I would say that I was a lot more nervous for Hollywood Week than in Hawaii just because you were performing in front of your peers, and the judges were directly in front of you, and it was just such high pressure. You're running on very little sleep and emotions are running wild that week. It was very overwhelming and by the end of the week, I was just really surprised and proud of myself that I got through it by the grace of God. And so in Hawaii, my fiancé got to go with me and my nan for the first time. We had eight days of pretty much free time in the Aulani resort — it was just a beautiful, relaxing week that we had together. And then I got to go on that stage in front of all those people and it was more of my comfort zone because I'm used to performing in front of people I don't know. I'm less nervous when there's more people because I feel like there's less pressure — they were just there to have a good time and that energy bounces from them to me. I was proud of my performance and I wouldn't have done anything differently.
An original song that you performed during Hollywood Week is now a single. Tell me about the path to that happening so quickly.
I'm an independent artist and I recorded a record that I released back in January. I hadn't really promoted it just because of what was going on with American Idol, and I didn't know what I wasn't allowed to do, so I just put it out there. I paid for it myself, off of my nurse's salary. “God Made a Woman” was on that — it’s actually the title of the album — and so I thought, with what's going on right now, why not? People responded to that song just so overwhelmingly well, and the love that I got from that song alone, it was so powerful to me. It's going to country and Americana radio stations this week, so if anybody wants to call in and request it from their station, that would be awesome! [Laughs]

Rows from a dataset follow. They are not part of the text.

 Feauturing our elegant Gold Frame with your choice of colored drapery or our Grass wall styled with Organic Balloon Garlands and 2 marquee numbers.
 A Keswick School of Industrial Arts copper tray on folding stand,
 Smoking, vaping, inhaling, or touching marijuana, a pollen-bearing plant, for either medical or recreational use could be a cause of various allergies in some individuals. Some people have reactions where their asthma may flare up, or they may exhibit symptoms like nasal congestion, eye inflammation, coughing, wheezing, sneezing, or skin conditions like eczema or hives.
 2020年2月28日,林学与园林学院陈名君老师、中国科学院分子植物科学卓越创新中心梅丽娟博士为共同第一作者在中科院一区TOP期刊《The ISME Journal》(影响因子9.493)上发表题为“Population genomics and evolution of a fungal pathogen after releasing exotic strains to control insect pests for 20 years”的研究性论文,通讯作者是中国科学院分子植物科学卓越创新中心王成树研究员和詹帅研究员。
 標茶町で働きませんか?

Is there one note from the judges that has stuck with you and replays over and over in your head?
Oh, yeah. Lionel Richie calling me a storyteller. He said that in my audition and it was so overwhelming. I had to like tell myself, “Wow, the guy that co-wrote ‘We Are the World’ with Michael Jackson just called me a storyteller.” That was a huge honor, to be a fan of his and his writing — that’s something I really pride myself in is being a songwriter. I consider myself as much of a songwriter as I am a singer, and so that stuck with me so much, and watching my “God Made a Woman” moment on TV and the judges’ reaction to that all together. But Lionel saying over and over again, “Good song, good song, strong song,” like that, I cried. I cried like a baby. That was really powerful to me. And I'm just so humbled by it.

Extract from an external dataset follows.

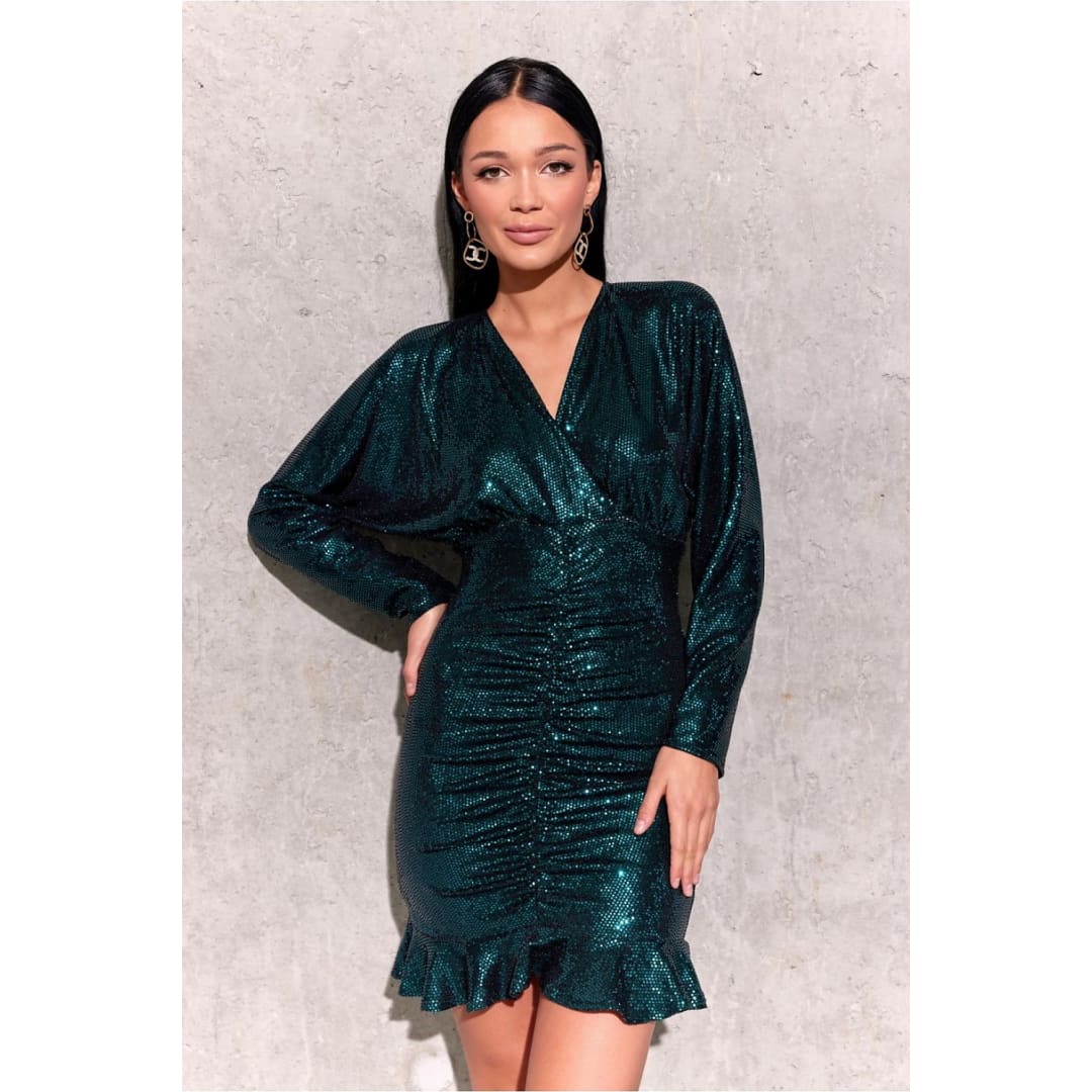 The sequin mini dress features an envelope neckline, a flared top that tapers at the sleeves and a fitted draped bottom. The fitted ruffled hem is finished with a charming ruffle throughout. The creases level out any imperfections. The length is before the knee. Fastened with a button at the back of the dress. This model guarantees a lot of freedom of movement, thanks to the flared sleeve top and exposed back. It will allow you to dance and have fun all night, while looking consistently stunning. The sequin dress gently and sensually reveals the back with which you will not be restrained and can go wild all night. Thanks to the careful finishing, elastic lining and hemmed edges, you can be sure that the sequins will not scratch your skin and pull your tights. The product is made and sewn in Poland.

So the show carries on. I assume that if you're not at the hospital on duty, you will be watching. If you had moved on, were you already thinking about the upcoming episodes and what you wanted to perform as part of the Top 20?
Yeah, I had actually planned on doing a couple cover songs that showed my range a little more, showed a little bit more of my rockin’ side. Then there were a few other songs that I was planning on doing by some of my favorite songwriters that are more like singer-songwriter ballad type stuff. But things work out the way they do for a reason, and so I'm just gonna trust that. I don't know, maybe I'll play them on my Instagram later. Since the quarantine started, I've been doing this thing on my Instagram with classic country covers and I've been having people request traditional country songs they would like to hear and I've been posting them as I go along and kind of peppering in songs I've written in between all of that, so it's been a good time. I am just so grateful to American Idol for giving me the chance to share myself with the world.
American Idol's Top 20 performance shows kick off Sunday at 8 p.m. ET/PT on ABC.
Ryan Seacrest hosts as Katy Perry, Lionel Richie, and Luke Bryan guide aspiring singers on their way to superstardom.